#### TASK DETAILS:
Each and every line below goes into your answer unchanged, but leave out the images.

#### SOURCE DATA:
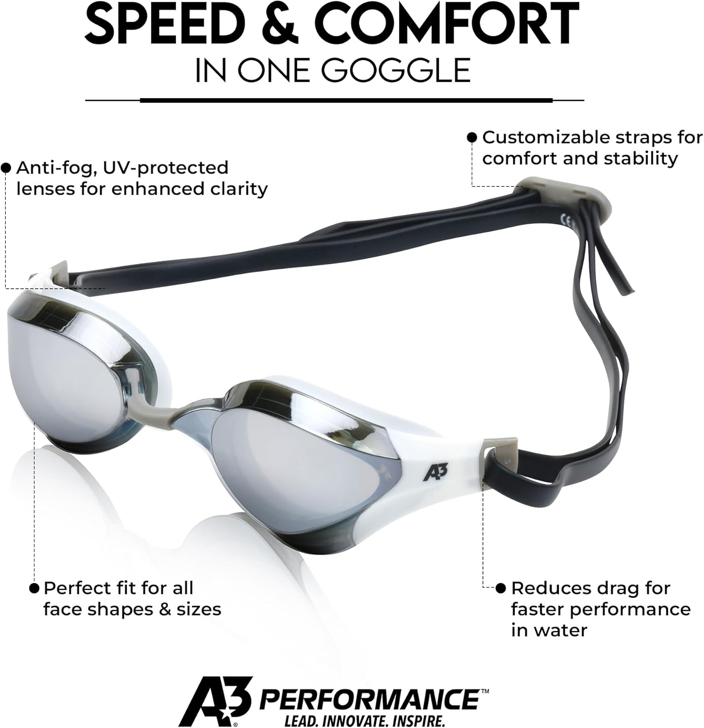 Introducing the MATRIX Swim Goggles by A3 Performance, where elite racing technology meets all-day training comfort. These UV swim goggles are built to help you perform at your highest level, without compromise. MATRIX Goggles offer a new level of Speed and Comfort. You may have had to put up with discomfort and sometimes painful styles to wear an elite racing goggle. No More! This low-profile design is ideal for racing, and the great visibility and comfort make it perfect for training The MATRIX changes everything. With a sleek, low-profile design, you'll glide through the water with minimal drag and maximum confidence. Designed for both competition and training, adults and juniors, gives speed and comfort in one high-performance package. What truly sets the MATRIX apart is the curved lens technology, giving you enhanced peripheral vision to stay aware of your surroundings in the water. From powerful dives off the blocks to long-haul endurance sets, the visibility is sharp, the comfort is unmatched, and the fit is elite. Engineered with precision, MATRIX goggles feature soft yet secure gaskets, interchangeable nosepieces, and a fully adjustable strap, so you get a custom fit every time. You’ll feel the quality from the moment you put them on. Treated with anti-fog coating, these anti-fog goggles maintain clarity from start to finish, lap after lap. And with built-in UV protection, your eyes stay shielded whether you're indoors or out in the sun. Whether you're chasing gold or pushing your limits in training, A3 Performance’s MATRIX swim goggles are your next-level advantage.
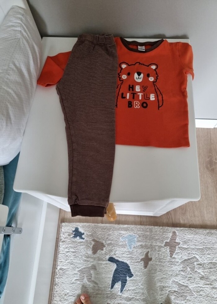 Lcw marka, altı kahverengi çizgili üstü turuncu ayıcıklı yumusak kumaslı. Üstü yıkama hatasından dolayı çekti ve fazla giydiremedim o yuzden.
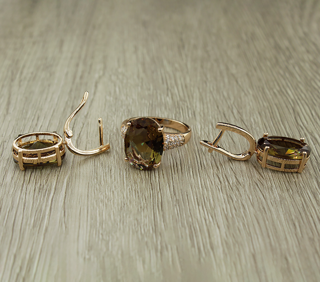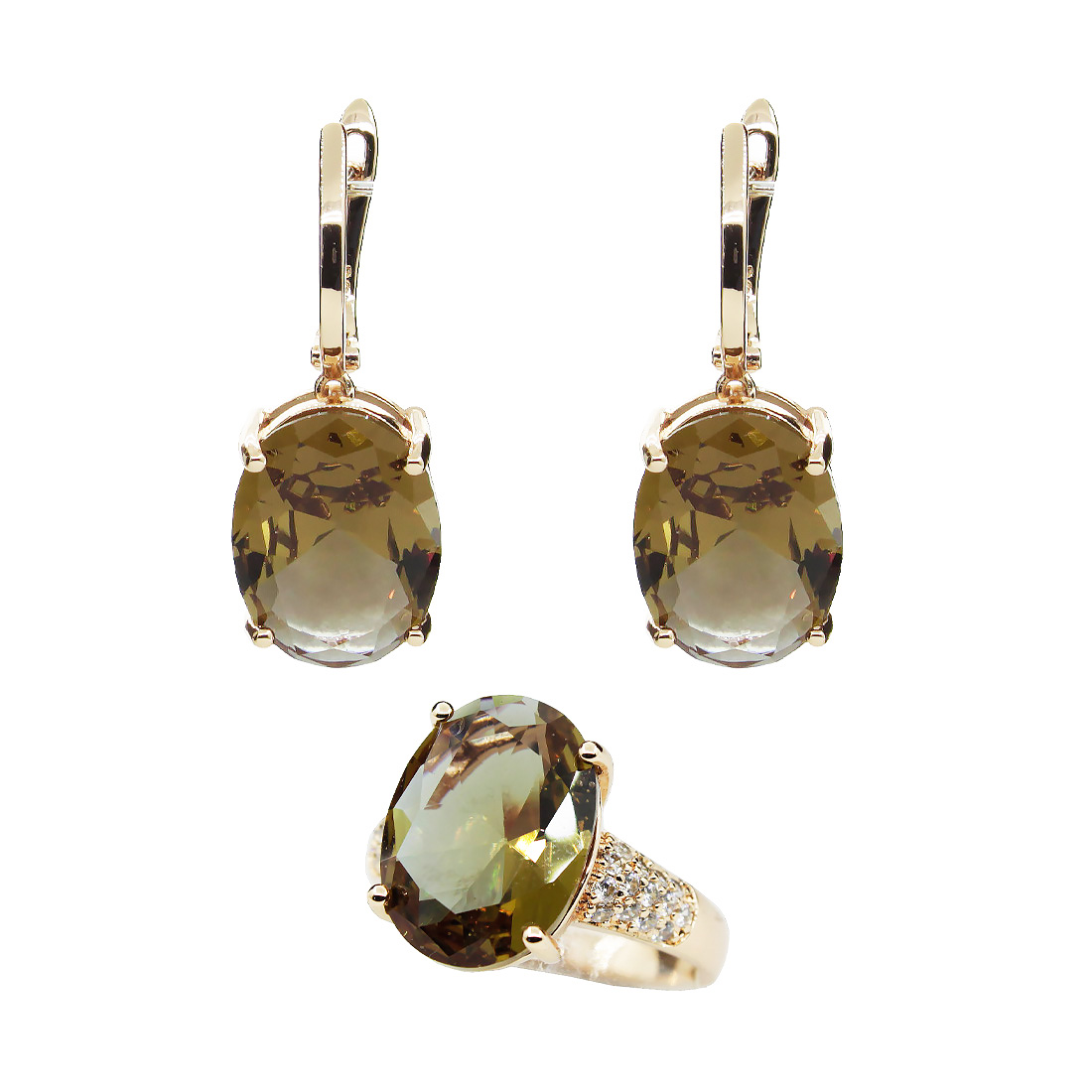 Солидный комплект со вставкой из удивительного камня султанит и качественным покрытием. Длина серьги с застёжкой: 30мм. Размер камня в серьге: 12x16мм. Размер камня в кольце: 12x16мм. Находится на удаленном складе (отгрузка на 2 дня позже)

#### TASK RESULT:
 Introducing the MATRIX Swim Goggles by A3 Performance, where elite racing technology meets all-day training comfort. These UV swim goggles are built to help you perform at your highest level, without compromise. MATRIX Goggles offer a new level of Speed and Comfort. You may have had to put up with discomfort and sometimes painful styles to wear an elite racing goggle. No More! This low-profile design is ideal for racing, and the great visibility and comfort make it perfect for training The MATRIX changes everything. With a sleek, low-profile design, you'll glide through the water with minimal drag and maximum confidence. Designed for both competition and training, adults and juniors, gives speed and comfort in one high-performance package. What truly sets the MATRIX apart is the curved lens technology, giving you enhanced peripheral vision to stay aware of your surroundings in the water. From powerful dives off the blocks to long-haul endurance sets, the visibility is sharp, the comfort is unmatched, and the fit is elite. Engineered with precision, MATRIX goggles feature soft yet secure gaskets, interchangeable nosepieces, and a fully adjustable strap, so you get a custom fit every time. You’ll feel the quality from the moment you put them on. Treated with anti-fog coating, these anti-fog goggles maintain clarity from start to finish, lap after lap. And with built-in UV protection, your eyes stay shielded whether you're indoors or out in the sun. Whether you're chasing gold or pushing your limits in training, A3 Performance’s MATRIX swim goggles are your next-level advantage.
 Lcw marka, altı kahverengi çizgili üstü turuncu ayıcıklı yumusak kumaslı. Üstü yıkama hatasından dolayı çekti ve fazla giydiremedim o yuzden.
 Солидный комплект со вставкой из удивительного камня султанит и качественным покрытием. Длина серьги с застёжкой: 30мм. Размер камня в серьге: 12x16мм. Размер камня в кольце: 12x16мм. Находится на удаленном складе (отгрузка на 2 дня позже)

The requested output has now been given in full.